Exercise prompt:
I need the records below restated word for word, without their pictures.

━━ Data shown

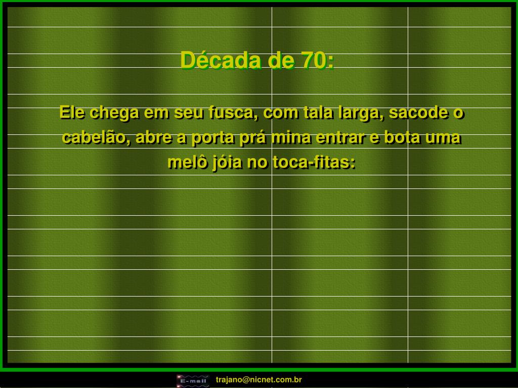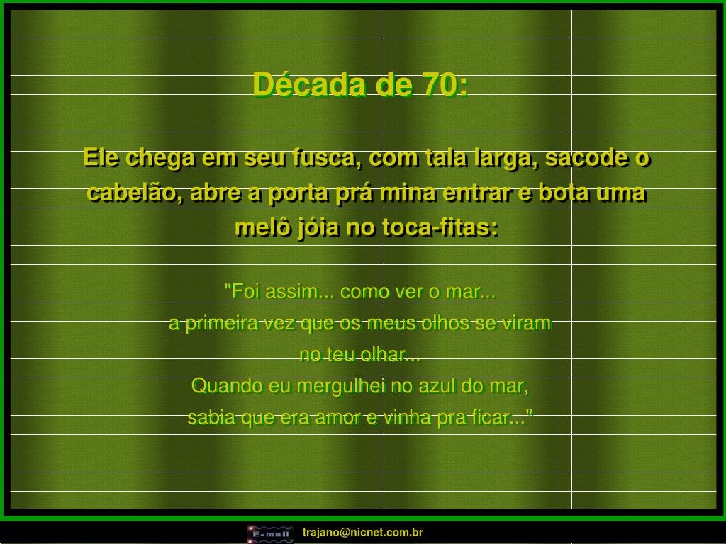 Década de 70: Ele chega em seu fusca, com tala larga, sacode o cabelão, abre a porta prá mina entrar e bota uma melô jóia no toca-fitas: "Foi assim... como ver o mar...a primeira vez que os meus olhos se viramno teu olhar...Quando eu mergulhei no azul do mar,sabia que era amor e vinha pra ficar..."
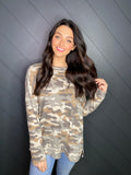 Steal the show in this super soft and comfy brushed camo top. This soft top features muted colors, long sleeves and a round neckline.
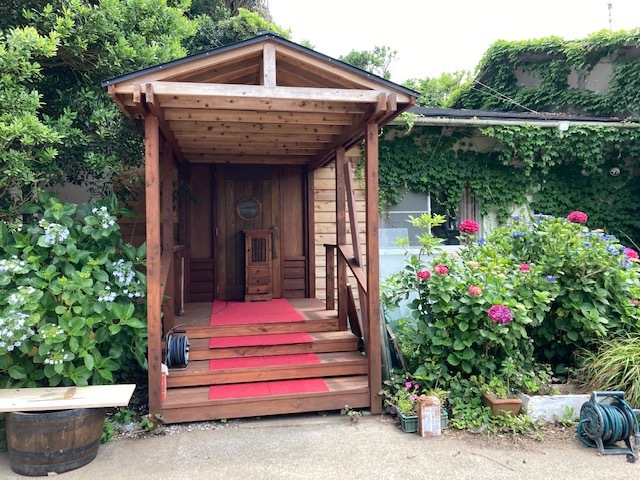 テラスのエントランス部分がほぼ完成しました。開発地域内はいつも季節の花々で彩られています。少し前ですがアジサイがキレイに咲き誇っていましたヨ♫
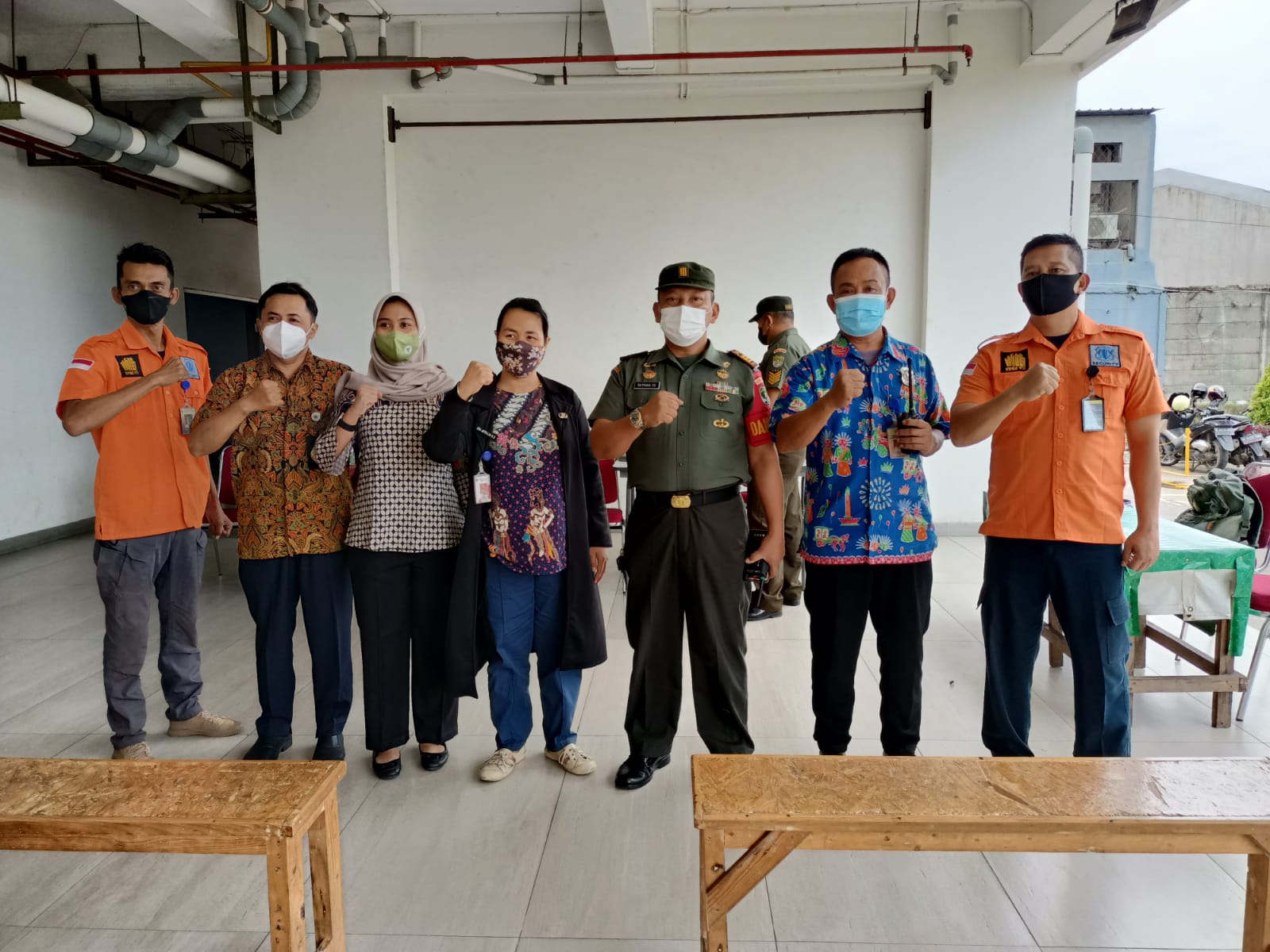 Penyelenggara Koramil 06/Cakung bersama Nakes Polkes Matraman, dibantu oleh tiga pilar, Dasawisma dan Mitra Jaya yang datang ke lokasi tempat vaksinasi dan siap melayani warga Kelurahan Penggilingan untuk divaksin.
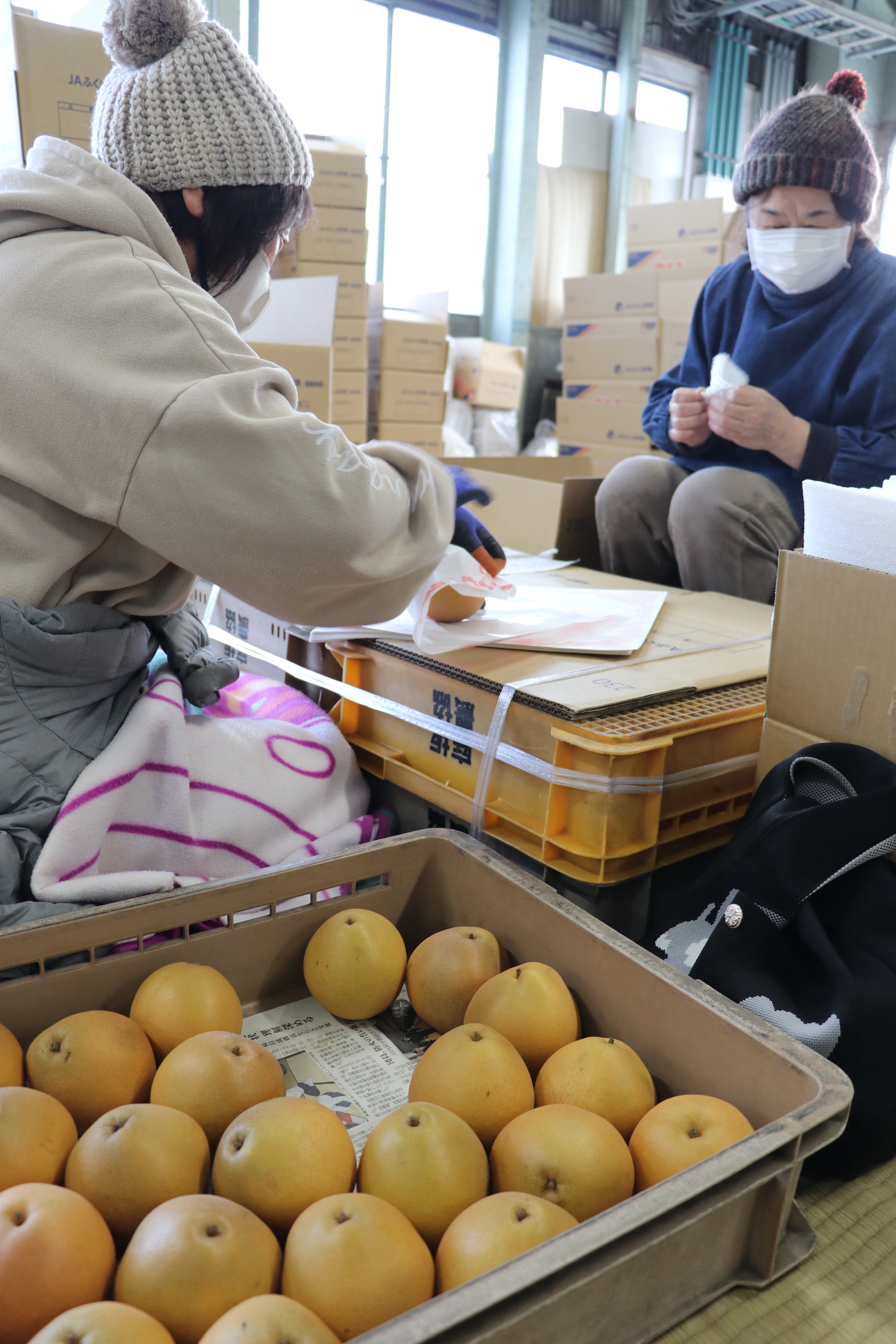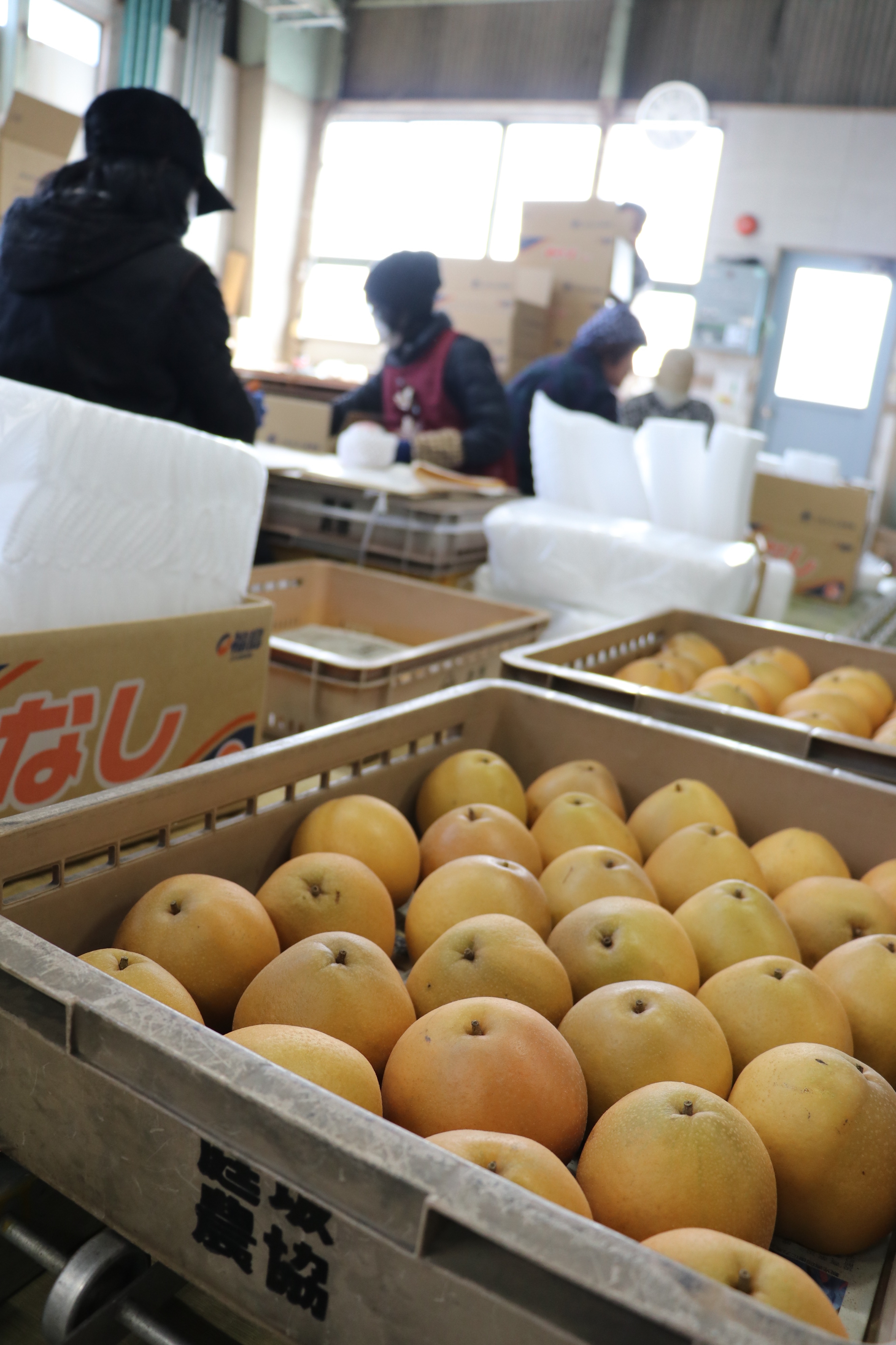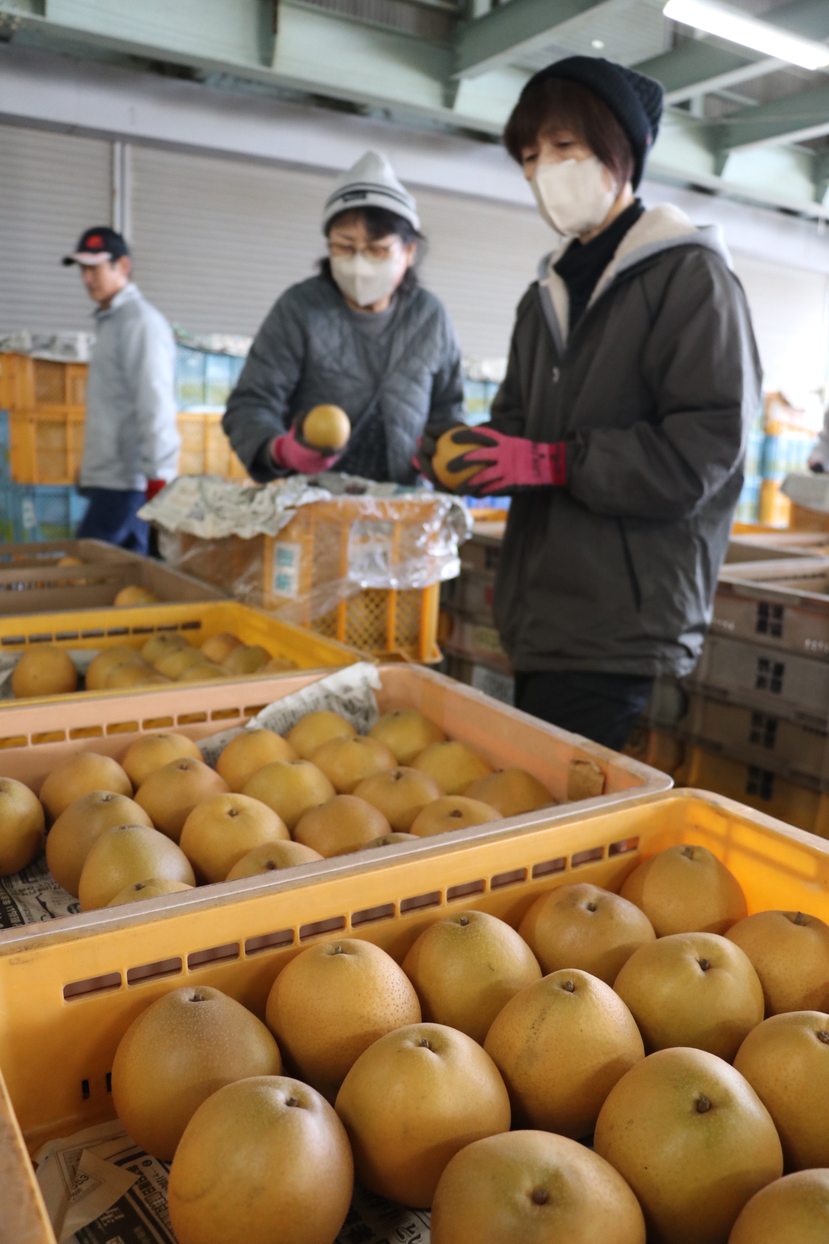 同共選場に持ち込まれた晩三吉は、外観や重さを選別計測し、一つ一つ丁寧に手作業で紙に包み、箱詰めし出荷します。JA担当者は「甘味と酸味のバランスが良く仕上がった。冬の梨をぜひ多くの消費者に味わってほしい」と話しました。

━━━━

Result:
 Década de 70: Ele chega em seu fusca, com tala larga, sacode o cabelão, abre a porta prá mina entrar e bota uma melô jóia no toca-fitas: "Foi assim... como ver o mar...a primeira vez que os meus olhos se viramno teu olhar...Quando eu mergulhei no azul do mar,sabia que era amor e vinha pra ficar..."
 Steal the show in this super soft and comfy brushed camo top. This soft top features muted colors, long sleeves and a round neckline.
 テラスのエントランス部分がほぼ完成しました。開発地域内はいつも季節の花々で彩られています。少し前ですがアジサイがキレイに咲き誇っていましたヨ♫
 Penyelenggara Koramil 06/Cakung bersama Nakes Polkes Matraman, dibantu oleh tiga pilar, Dasawisma dan Mitra Jaya yang datang ke lokasi tempat vaksinasi dan siap melayani warga Kelurahan Penggilingan untuk divaksin.
 同共選場に持ち込まれた晩三吉は、外観や重さを選別計測し、一つ一つ丁寧に手作業で紙に包み、箱詰めし出荷します。JA担当者は「甘味と酸味のバランスが良く仕上がった。冬の梨をぜひ多くの消費者に味わってほしい」と話しました。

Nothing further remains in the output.